Before I get to business though, I wanted to confirm something with you. One of the department heads from a previous job said he was a stand in for you during one of those movies, is that true? I don’t know if you’d know him, he was theoretically an actor, which I found astounding because he couldn’t even *act* like he gave a shit about his employees. He was quite unpopular with many folks in the department.
I remember a meeting I had with him a while back. The company had denied my request to transfer to another location, so I said I was going to quit and move anyway. What I learned from previous relationships with poor communication is that what you always have to do is threaten to break up with them, because that’s how you get people to listen. I was in tears, and the waterworks didn’t stop. I felt like I turned his office into a damn ocean. I truly loved that job, and didn’t want to leave.
The boss just looked at me. Dead in the eyes. He never got to know me very well, so I think he barely knew that I did comedy, and that’s the reason I wanted to move to bigger city. After some icy silence he said, “Well, where you’re moving, the Improv comedy scene is where it’s at.” I think at that point I swam toward the door, uselessly wiping tears from my face, grabbed my shit, and went home.

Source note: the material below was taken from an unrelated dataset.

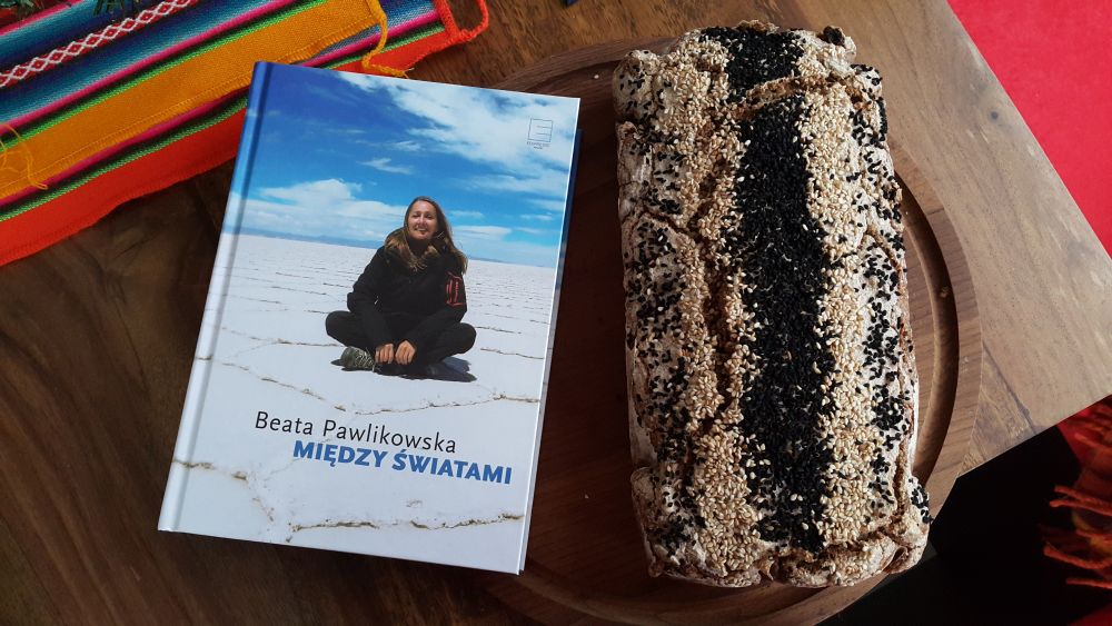 Jeszcze gorące, prosto z pieca, najświeższe wypieki 🙂 Po prawej: chleb z czarnuszką, sezamem i rodzynkami, po lewej: książka „Między światami”, dzisiaj w specjalnej promocji
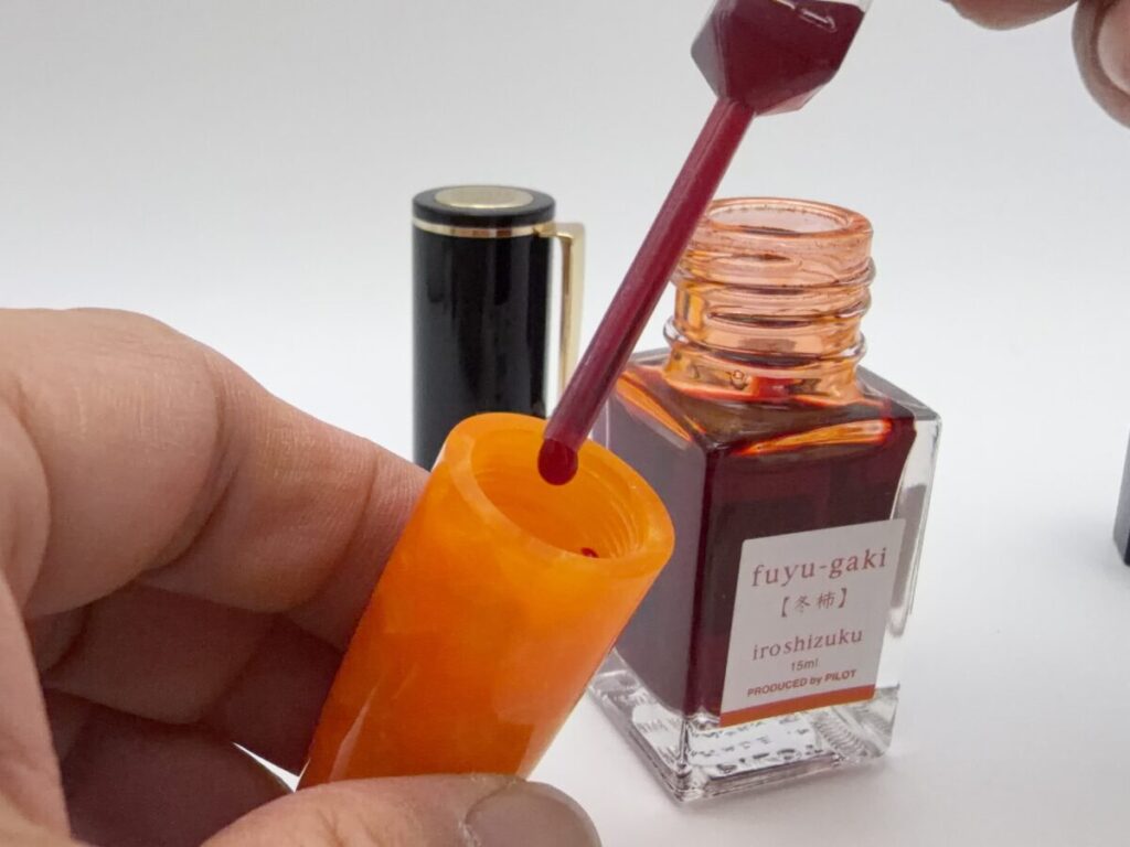 今回は軸のオレンジ色に合わせパイロットの色彩雫「冬柿」にしてみました。

The next day I recounted the story during a one on one meeting with my direct supervisor. I started to cry again and in my whiniest voice wailed, “And then he tried to talk to me about Improv. I DON’T EVEN DO IMPROV.” …like that was the worst offense committed by this company. Sure they routinely underpaid employees, promoted only one specific type of person when they didn’t hire from the outside, and failed to recognize and keep good talent, but clearly the worst was that in a meeting someone responded to a tearful notice of resignation with, “YES AND improv is great there” …and I said, “No but I don’t’ do that” and cried about it for days.
The meeting with my supervisor occurred in an entirely glass conference room near the front entrance of the building for everyone to see. My whining and waterworks were on display like I was an overdramatic trinket on a curio shelf. It was a true glass case of emotion.
Anyway, do you remember that department head? One time he told us he was about to be cast in Game of Thrones. I didn’t believe him. I always thought he was making that shit up, or rather “using the magic of improv!”
Alright now on to business, I found this artifact photo and I was hoping you could help me find the meaning or origin. Here’s the photo in question. As you can see it’s a man riding a boat made out of hundred dollar bills in a bright ocean when the sun is out. Is it some sort of ancient glyph? What does it mean? Was it stolen from some ancient people? Is it one of the pictures in the Mayan calendar? Do they do a different picture for every month like we do?
Anyway, if you get a chance please carefully examine this artifact and tell me everything you know about it. I calmly await your response.
Keep on truckin’
Dear Merrill Lynch,
Listen, I know that Americans have been reeling from the recent stock market dip, and I’m sure you’re getting many frantic calls from customers. I’m sure they’re shouting things like, “Did my money bills disappear?” “I hear the Federal Reserve is ISIS now, is that true?” and “What is this ‘Great Depression’ my wife says she’s in right now? What is it? Do I need to be alarmed? Should I pull money out of the stock market?”
I know you’re going to need a lot of extra help, so I wanted to pass along this photo I found of someone who I think would be a perfect fit for your organization.
Look at this man. LOOK AT HIM. You’re not looking! Alright, now that you’re finally looking, see… doesn’t this look like someone who could do great things for Merrill Lynch? Check out all the great things he has to offer:
- He’s got glasses, so we know he’s smart.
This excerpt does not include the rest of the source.